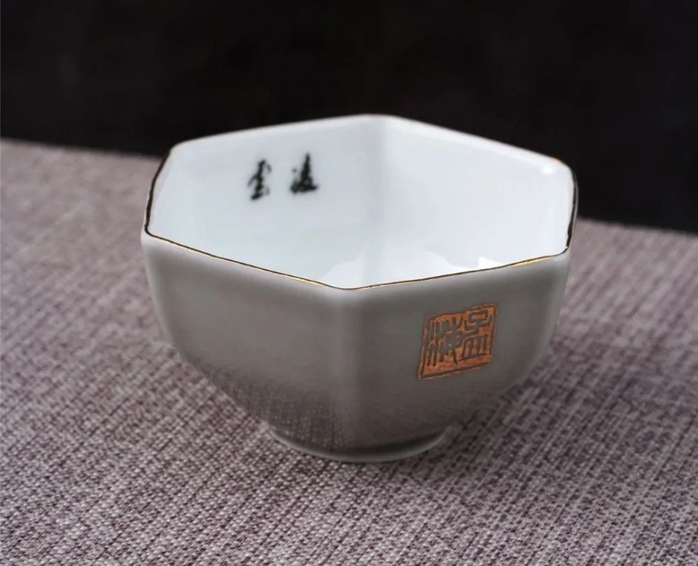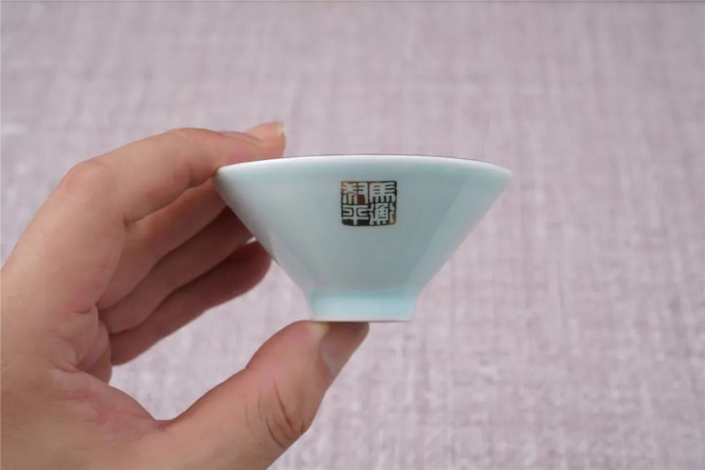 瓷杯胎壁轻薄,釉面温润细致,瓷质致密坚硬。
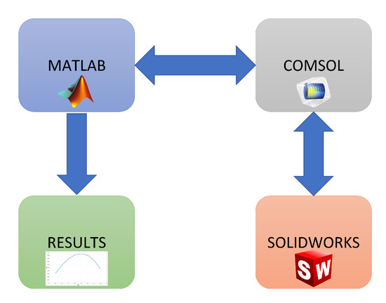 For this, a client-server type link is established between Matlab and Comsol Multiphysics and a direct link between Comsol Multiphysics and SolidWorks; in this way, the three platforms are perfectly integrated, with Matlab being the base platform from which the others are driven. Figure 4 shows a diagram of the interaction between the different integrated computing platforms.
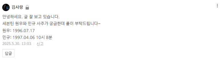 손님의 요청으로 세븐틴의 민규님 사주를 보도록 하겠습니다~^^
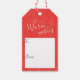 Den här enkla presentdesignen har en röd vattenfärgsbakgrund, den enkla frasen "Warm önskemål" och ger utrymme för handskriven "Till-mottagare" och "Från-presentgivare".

--

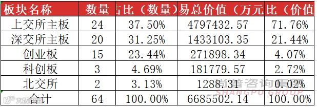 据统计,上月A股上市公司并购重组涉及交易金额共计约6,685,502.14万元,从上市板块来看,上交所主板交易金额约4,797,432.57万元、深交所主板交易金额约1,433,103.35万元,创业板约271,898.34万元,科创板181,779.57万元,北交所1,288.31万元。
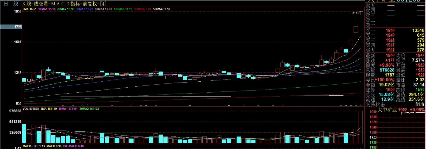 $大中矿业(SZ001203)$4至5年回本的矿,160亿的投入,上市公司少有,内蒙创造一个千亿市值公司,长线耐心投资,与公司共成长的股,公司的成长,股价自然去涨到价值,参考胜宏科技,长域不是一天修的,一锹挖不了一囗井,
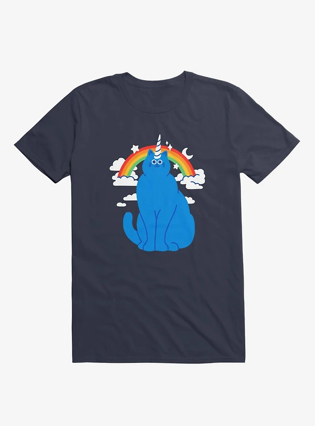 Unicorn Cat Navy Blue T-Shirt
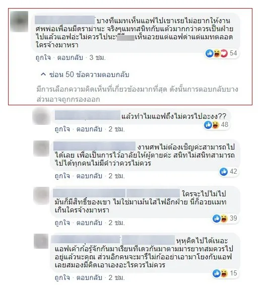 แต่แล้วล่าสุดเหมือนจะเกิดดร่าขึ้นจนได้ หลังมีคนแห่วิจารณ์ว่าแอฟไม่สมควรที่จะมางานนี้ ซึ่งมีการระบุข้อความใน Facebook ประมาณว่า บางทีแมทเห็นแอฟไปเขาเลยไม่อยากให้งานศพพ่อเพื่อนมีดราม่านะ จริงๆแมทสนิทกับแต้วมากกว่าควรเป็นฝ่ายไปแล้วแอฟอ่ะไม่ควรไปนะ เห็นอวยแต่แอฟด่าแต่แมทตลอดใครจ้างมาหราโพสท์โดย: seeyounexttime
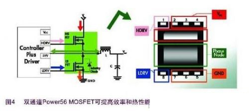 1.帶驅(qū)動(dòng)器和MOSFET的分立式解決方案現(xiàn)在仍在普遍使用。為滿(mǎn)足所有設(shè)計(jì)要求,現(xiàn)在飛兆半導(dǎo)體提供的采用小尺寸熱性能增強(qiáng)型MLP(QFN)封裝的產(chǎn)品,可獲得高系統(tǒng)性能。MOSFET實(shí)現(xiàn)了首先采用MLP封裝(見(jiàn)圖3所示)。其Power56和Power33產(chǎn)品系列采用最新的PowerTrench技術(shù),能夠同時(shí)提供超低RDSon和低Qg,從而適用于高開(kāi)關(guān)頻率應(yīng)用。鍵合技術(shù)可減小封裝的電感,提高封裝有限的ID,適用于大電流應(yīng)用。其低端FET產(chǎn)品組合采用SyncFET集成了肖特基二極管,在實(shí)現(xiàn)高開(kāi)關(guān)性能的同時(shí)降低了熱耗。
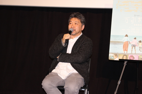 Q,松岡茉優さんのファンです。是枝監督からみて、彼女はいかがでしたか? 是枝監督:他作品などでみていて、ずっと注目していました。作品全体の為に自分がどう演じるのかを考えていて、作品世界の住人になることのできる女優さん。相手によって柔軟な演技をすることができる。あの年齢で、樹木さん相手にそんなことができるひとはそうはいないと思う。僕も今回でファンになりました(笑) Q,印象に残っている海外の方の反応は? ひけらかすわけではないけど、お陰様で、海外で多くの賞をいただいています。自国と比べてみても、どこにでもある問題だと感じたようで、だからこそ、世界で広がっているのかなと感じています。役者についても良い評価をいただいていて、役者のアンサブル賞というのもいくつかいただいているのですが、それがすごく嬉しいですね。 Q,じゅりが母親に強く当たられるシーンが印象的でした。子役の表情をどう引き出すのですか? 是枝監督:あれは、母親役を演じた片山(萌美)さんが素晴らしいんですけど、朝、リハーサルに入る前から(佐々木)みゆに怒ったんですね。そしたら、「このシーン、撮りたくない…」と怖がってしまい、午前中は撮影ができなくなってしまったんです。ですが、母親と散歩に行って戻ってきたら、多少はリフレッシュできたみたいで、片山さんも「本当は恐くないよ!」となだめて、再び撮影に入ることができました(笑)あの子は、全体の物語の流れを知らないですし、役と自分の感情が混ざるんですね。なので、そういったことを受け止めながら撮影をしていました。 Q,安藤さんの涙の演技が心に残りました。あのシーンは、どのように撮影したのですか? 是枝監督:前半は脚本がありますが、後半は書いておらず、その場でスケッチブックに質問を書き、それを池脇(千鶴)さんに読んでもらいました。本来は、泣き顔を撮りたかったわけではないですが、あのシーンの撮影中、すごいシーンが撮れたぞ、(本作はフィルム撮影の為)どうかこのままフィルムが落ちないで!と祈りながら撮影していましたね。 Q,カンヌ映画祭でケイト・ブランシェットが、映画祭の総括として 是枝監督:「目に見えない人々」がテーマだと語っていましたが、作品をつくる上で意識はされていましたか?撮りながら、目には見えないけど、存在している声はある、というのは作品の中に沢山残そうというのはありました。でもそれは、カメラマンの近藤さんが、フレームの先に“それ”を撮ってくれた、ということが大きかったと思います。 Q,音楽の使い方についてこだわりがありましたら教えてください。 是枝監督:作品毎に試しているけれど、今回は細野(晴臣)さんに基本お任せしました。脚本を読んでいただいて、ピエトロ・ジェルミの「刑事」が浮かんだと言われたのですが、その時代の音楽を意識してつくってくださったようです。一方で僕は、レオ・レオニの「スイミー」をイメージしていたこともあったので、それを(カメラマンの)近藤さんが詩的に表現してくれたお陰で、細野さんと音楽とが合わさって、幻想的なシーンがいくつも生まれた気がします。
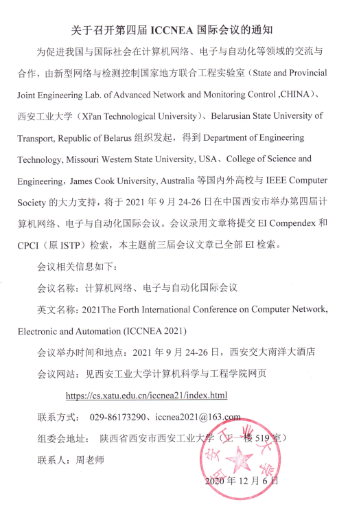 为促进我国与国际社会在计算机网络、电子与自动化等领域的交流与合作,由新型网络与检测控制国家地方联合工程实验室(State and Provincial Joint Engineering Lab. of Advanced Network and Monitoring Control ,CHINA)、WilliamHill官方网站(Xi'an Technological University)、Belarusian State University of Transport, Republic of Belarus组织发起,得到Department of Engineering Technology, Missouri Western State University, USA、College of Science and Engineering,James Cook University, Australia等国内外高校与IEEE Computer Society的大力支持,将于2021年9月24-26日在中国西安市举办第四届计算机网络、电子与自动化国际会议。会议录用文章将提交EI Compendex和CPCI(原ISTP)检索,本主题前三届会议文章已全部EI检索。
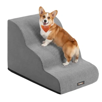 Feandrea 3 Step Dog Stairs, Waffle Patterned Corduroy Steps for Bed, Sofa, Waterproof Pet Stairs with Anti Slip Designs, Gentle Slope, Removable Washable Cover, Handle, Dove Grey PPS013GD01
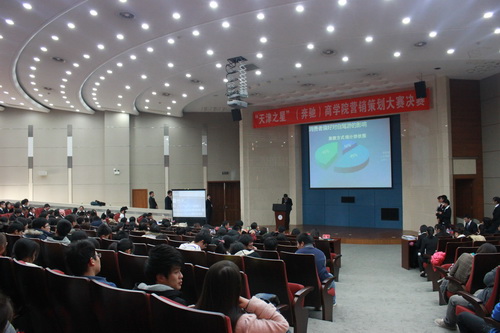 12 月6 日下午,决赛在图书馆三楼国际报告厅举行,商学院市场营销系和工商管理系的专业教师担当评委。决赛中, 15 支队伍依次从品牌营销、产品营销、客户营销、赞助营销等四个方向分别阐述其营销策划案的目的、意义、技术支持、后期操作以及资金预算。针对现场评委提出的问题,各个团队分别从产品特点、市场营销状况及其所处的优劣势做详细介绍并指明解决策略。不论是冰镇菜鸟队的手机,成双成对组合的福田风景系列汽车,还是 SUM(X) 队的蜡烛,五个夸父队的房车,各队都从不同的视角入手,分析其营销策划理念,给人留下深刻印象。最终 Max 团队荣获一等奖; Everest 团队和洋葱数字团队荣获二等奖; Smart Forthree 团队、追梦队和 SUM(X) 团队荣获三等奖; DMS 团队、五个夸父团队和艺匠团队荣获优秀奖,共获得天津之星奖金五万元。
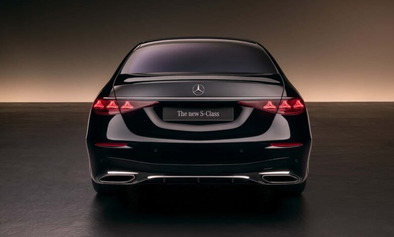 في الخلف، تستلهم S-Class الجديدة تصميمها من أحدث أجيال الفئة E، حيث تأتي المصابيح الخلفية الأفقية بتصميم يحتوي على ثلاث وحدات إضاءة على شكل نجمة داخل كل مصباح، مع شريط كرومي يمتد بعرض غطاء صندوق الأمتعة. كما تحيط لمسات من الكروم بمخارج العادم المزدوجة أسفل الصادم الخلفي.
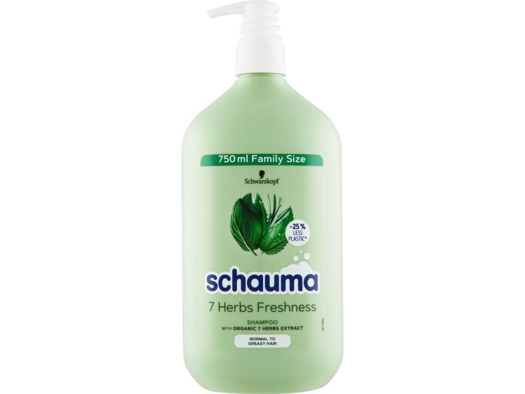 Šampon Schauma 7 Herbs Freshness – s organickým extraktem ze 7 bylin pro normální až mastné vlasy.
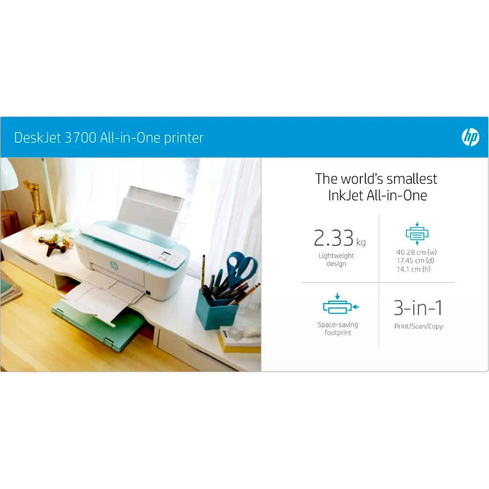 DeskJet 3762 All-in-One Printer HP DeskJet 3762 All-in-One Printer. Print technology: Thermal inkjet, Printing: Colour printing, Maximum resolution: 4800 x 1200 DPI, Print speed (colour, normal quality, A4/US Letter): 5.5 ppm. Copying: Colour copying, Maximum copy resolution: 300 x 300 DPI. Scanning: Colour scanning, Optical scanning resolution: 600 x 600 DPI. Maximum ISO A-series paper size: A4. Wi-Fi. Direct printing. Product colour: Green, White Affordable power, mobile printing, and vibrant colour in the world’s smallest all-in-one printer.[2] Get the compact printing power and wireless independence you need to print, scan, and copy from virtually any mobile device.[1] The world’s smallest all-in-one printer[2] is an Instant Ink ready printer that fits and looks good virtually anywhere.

• TASK DESCRIPTION
Using the records above, print exactly the lines between the ones containing "손님의 요청으로 세븐틴의 민규님 사주를 보도록 하겠습니다~^^" and "Den här enkla", inclusive, and nothing else; no pictures.

• REPLY
 손님의 요청으로 세븐틴의 민규님 사주를 보도록 하겠습니다~^^
 Den här enkla presentdesignen har en röd vattenfärgsbakgrund, den enkla frasen "Warm önskemål" och ger utrymme för handskriven "Till-mottagare" och "Från-presentgivare".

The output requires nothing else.